At this moment there is no information on what supervising authority will take the responsibility for cryptocurrencies. Of course, as part of the AML Directive’s requirements, a supervising authority has to be designated by each Member State for all types of entities covered. There are no limitations or conditions for the appointment of such supervising authority, so each state will decide according to its own views on cryptocurrencies and practices in the financial area. It is most logical that these functions will be assigned to already existing supervising institutions for the financial area and/or securities market. For example, in the Netherlands it will likely be the Dutch Central Bank (DNB).
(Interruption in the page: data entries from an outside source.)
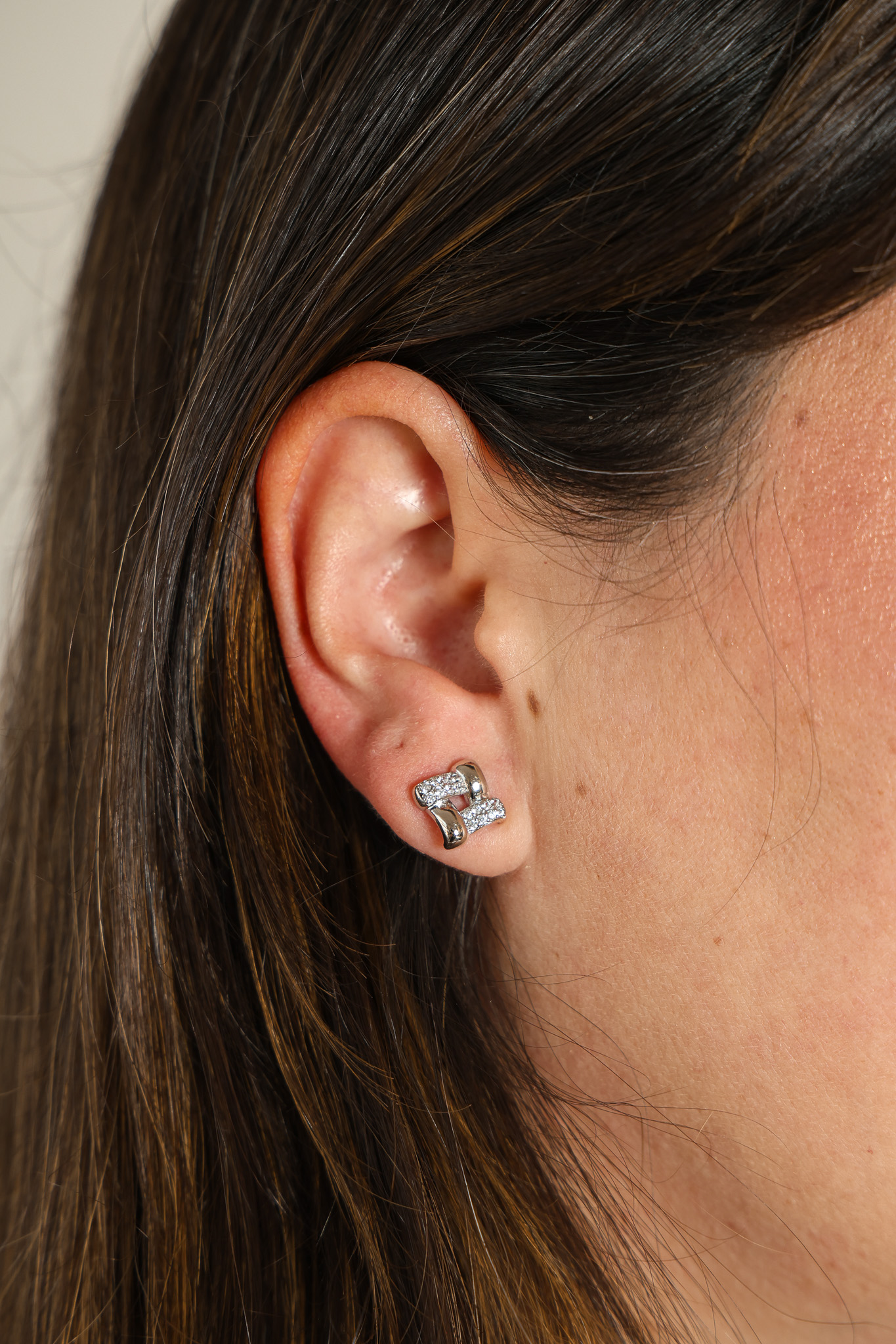 Seu design geométrico com toque orgânico combina o brilho delicado das pedras com o acabamento polido do metal, criando um equilíbrio sofisticado que ilumina o rosto com naturalidade.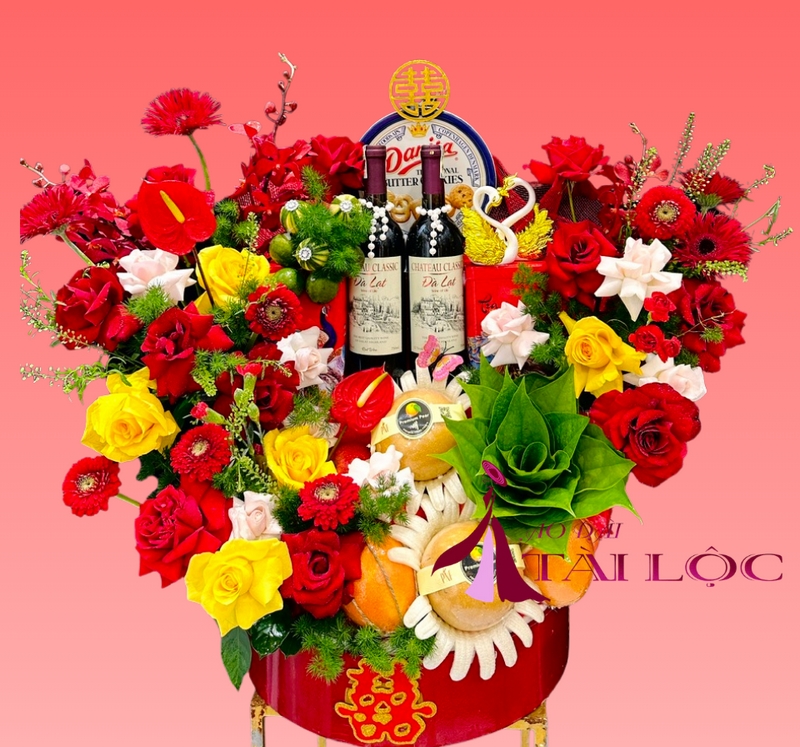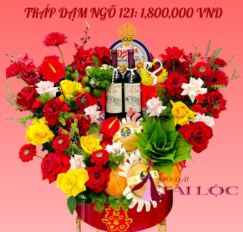 Tráp dạm ngõ 121: 1,800,000 VND 1 bánh danisa 454 + 1 cặp vang đà lạt + 1 cặp trà olong lon thiết + 2 trái cam úc + 4 trái táo gala + 2 lê hàn + 10 TRÁI CAU + HOA TRẦU, KẾT BÔNG. LƯU Ý: KHÁCH HÀNG PHẢI CỌC 300,000 ĐỂ THẾ CHÂN QUẢ TRỐNG. KHI TRẢ LẠI QUẢ SHOP SẼ GỬI LẠI CỌC THẾ CHÂN CHO KHÁCH + MIỄN PHÍ SHIP 10KM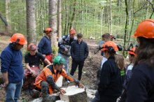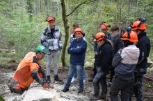 V ponedeljek 14. oktobra je skupina dijakov 4. c (kmetijsko podjetniški tehnik) pri prof. Antonu Goršinu v okviru praktičnega pouka gozdarstva spoznavala vrste negovalnih ukrepov pri negovanju gozdnih sestojev. Najprej so bile v učilnici na šolskem posestvu predstavljene vrste gojitvenih ukrepov pri negi gozda z demonstracijo potrebnega delovnega orodja in delovne varnostne opreme, zatem je sledil ogled izvedenega praktičnega dela v gozdu na terenu. V gozdu v bližini Stopič (Lošče) je bil izveden ogled nenegovanega gozdnega sestoja, kjer še po 20 letih skorajda ni zanimivih gospodarsko pomembnih drevesnih vrst (prisotne predvsem grmovne vrste in manj zanimive pionirske drevesne vrste) in ogled negovanega mlajšega gozdnega sestoja (gošče), kjer so učinki nege opazni v številčnosti in večji kvaliteti gospodarsko zanimivih vrst in tudi v večji biotski pestrosti. Zadnji del tega dne pa je bil namenjen praktični demonstraciji poseka drevesa, ki ga je v šolskem gozdu v bližini Drganjih sel pod mentorstvom prof. Matjaža Turka izvedel Gregor Bohte, dijak 4. c. Po uspešno izvedenem poseku je prof. Turk udeležencem podrobneje razložil pravila sečnje, opozoril na pogoste napake pri sečnji in na nevarnosti, ki pretijo pri delu v gozdu.

In Europe the Dutch are among the most open and vocal supporters. The Netherlands has long established itself as a forward-looking and innovative country, and cryptocurrencies are not an exception. There is the Dutch Blockchain Coalition – a partnership between the government, industry and knowledge institutions which work toward promoting a safe and responsible implementation of cryptocurrencies, opening possibilities for their use and assisting state and stakeholders with research and expertise on matters related to this technology. In May 2018 it presented the first national blockchain research agenda, and the movement is backed up by members of the royal family.